# Cute Baby - new "true blue" seamless



## twocolor (Nov 3, 2009)

Such a cute little guy!  Stunning brown eyes!
1.






2.  Used an action on this one - Baby Soft





3.





4.





5.





6.




cc always welcome!!!


----------



## Christie Photo (Nov 3, 2009)

Oooo...  I like 3 and 4.   I might crop in a bit.  Will you take out the secondary catch lights?

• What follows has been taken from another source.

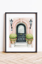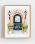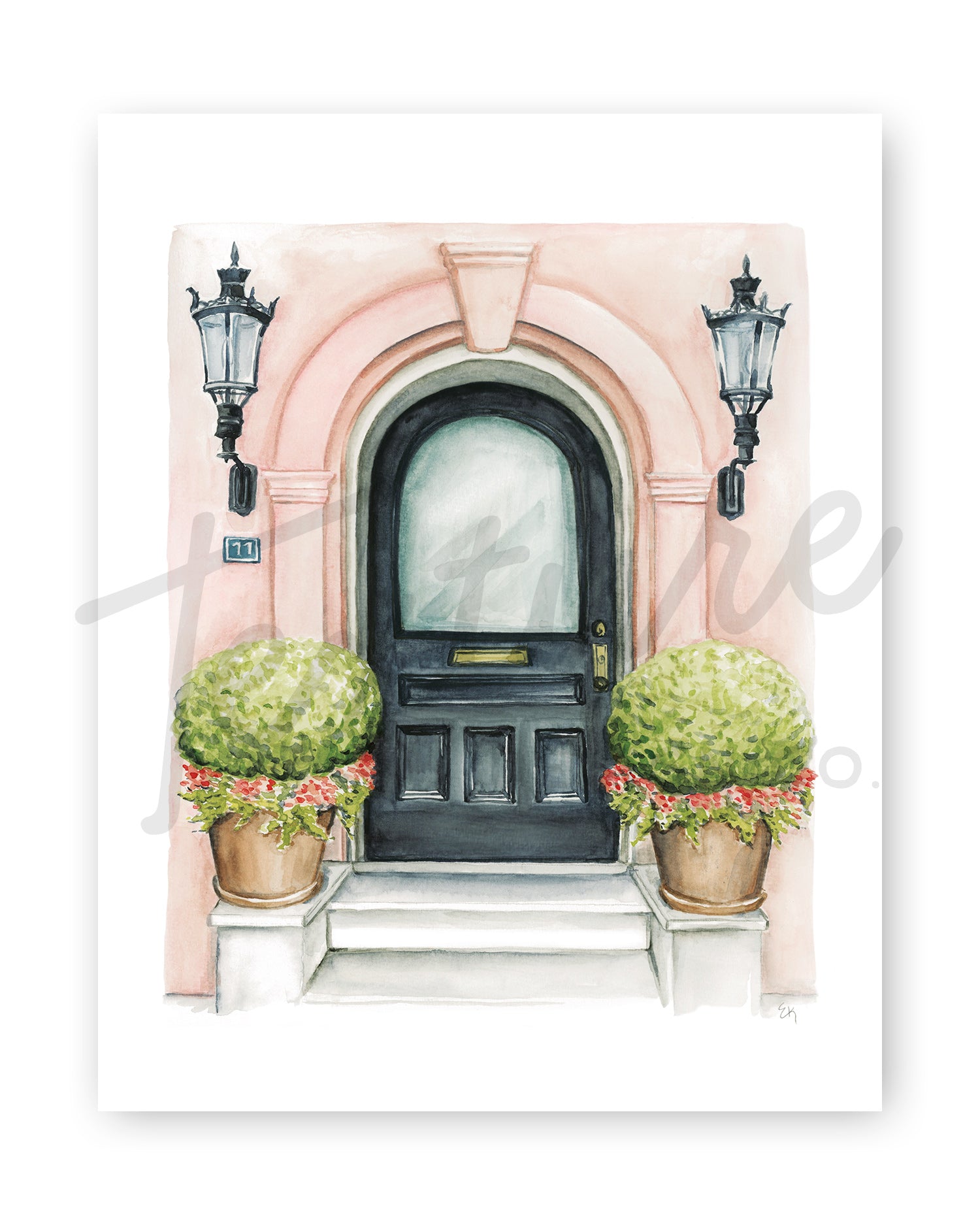 Inspired by the architectural design of the Lowcountry, the art print showcases an intricately detailed timeless front door from Charleston, SC. The black arched door stands out against the pale clay print of the home.

Your lighting keeps getting better and better.  You really nailed it here.

-Pete


----------



## Derrel (Nov 3, 2009)

Cute little fellow, and a cute set. I'm just wondering why your shadows seem so light and open, when there's such a large and clear shadow showing from your main light. Are you lightening the images up substantially in post processing to lift the shadow values up? This is most clearly visible in shots 3,4,and 5. I really liked the look of the skin tones in the second shot--they seem more natural, whereas the others make the boy's skin look a bit oversaturated and less "real".


----------



## NateS (Nov 3, 2009)

Great photos and I agree.....nailed the lighting.  I really like most of the poses too and really like the "soft" processing on #2.


----------



## Herro (Nov 3, 2009)

2 is awesome. the rest are okay.


----------



## EJBPhoto (Nov 5, 2009)

Very nice set.  Nice color -that's a tricky color to work on. I can't cc lighting since I know nothing about studio work, but composition in the last one looks off.  Either put more space on the left since he's facing that way, or if you miss it in camera, crop in more for the final image.

Good work!


----------